Electrochemical silver dissolution and recovery as a potential method to disinfect drinking water for underprivileged societies

Abstract

Limited access to disinfected drinking water is a critical challenge in developing countries. Ionic silver has biocidal capabilities and silver ionization is an established method for cooling water disinfection. However, silver ionization cannot be used in drinking water treatment because of its inherent human health risks. In this proof-of-concept study, a laboratory scale electrochemical reactor was developed where ionic silver is released via oxidation of metallic silver and subsequently recovered through cathodic reduction. Complete inactivation of Escherichia coli was demonstrated in 30 min at an application of 1.2 V. A high silver concentration (>1 mg L⁻¹) was achieved in less than two minutes of water residence time within the disinfection reactor. The effluent silver concentration was linearly proportional to the electric current, allowing reliable estimation of silver concentration and corresponding disinfection performance by measuring electric current using an electrical multimeter.
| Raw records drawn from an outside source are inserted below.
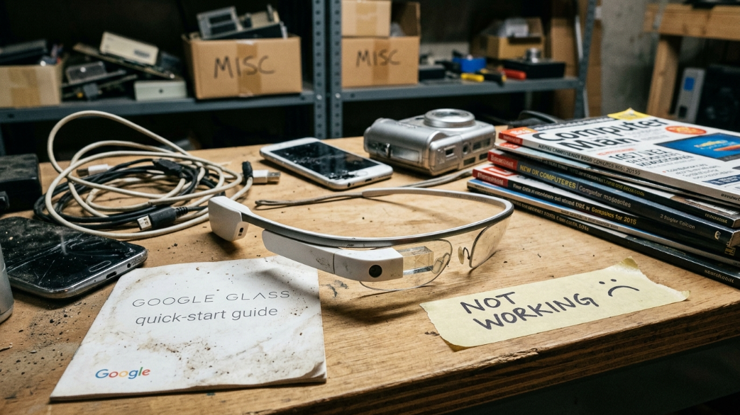"جوجل جلاس" نظارة ذكية رفيعة بدون عدسات بذراع يمنى سميكة لاستيعاب كاميرا مدمجة، تعمل بنظام التشغيل "أندرويد"، تعرض المعلومات والتطبيقات على شاشة صغيرة أمام عين المستخدم، وكانت بمثابة حاسوب في هيئة نظارة، ورغم أنها تُعدّ إنجازًا تقنيًا هائلاً، فإنها فشلت في تحقيق النجاح المأمول بسبب أخطاء تسويقية وإشكاليات تصميمية ومخاوف تتعلق بالخصوصية.
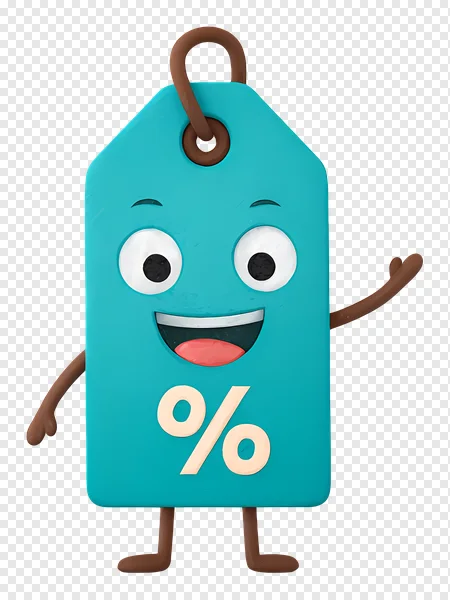 Download this vibrant, happy 3D cartoon discount tag PNG for free! This cheerful teal price tag character, featuring a prominent percentage symbol and an expressive, waving face, is perfect for announcing exciting sales and promotions. With its high-quality rendering and transparent background, it's an ideal asset for e-commerce websites, marketing campaigns, social media posts, banners, and digital advertisements. Add a playful and eye-catching element to your projects and highlight your best deals with this adorable sales icon.
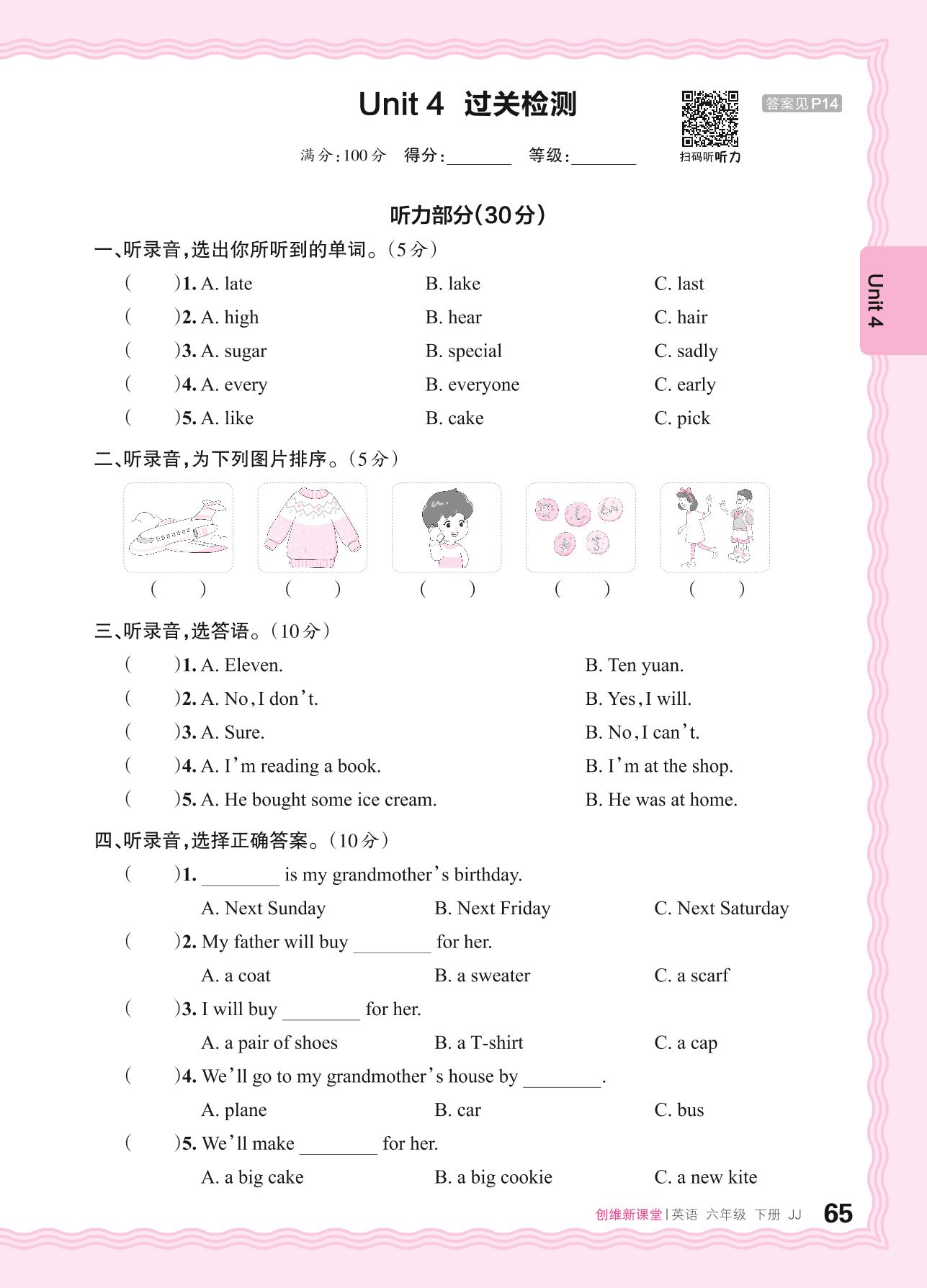 2024春下册六年级英语冀教版 Unit 4 过关检测

The disinfected water was further treated in a separate silver recovery cell. The silver concentration dropped down to safe levels for continued human consumption (0.1 mg L⁻¹) via spontaneous cathodic silver reduction coupled with anodic oxidation of metallic aluminum. The estimated energy requirement was 6.1 kJ to treat 1 m³ of water; thus, solar panels or bicycle generators can provide sufficient energy for disinfection. The electrochemical disinfection and subsequent silver recovery methods have a strong potential as a prospective method to supply safe drinking water in underprivileged and remote societies.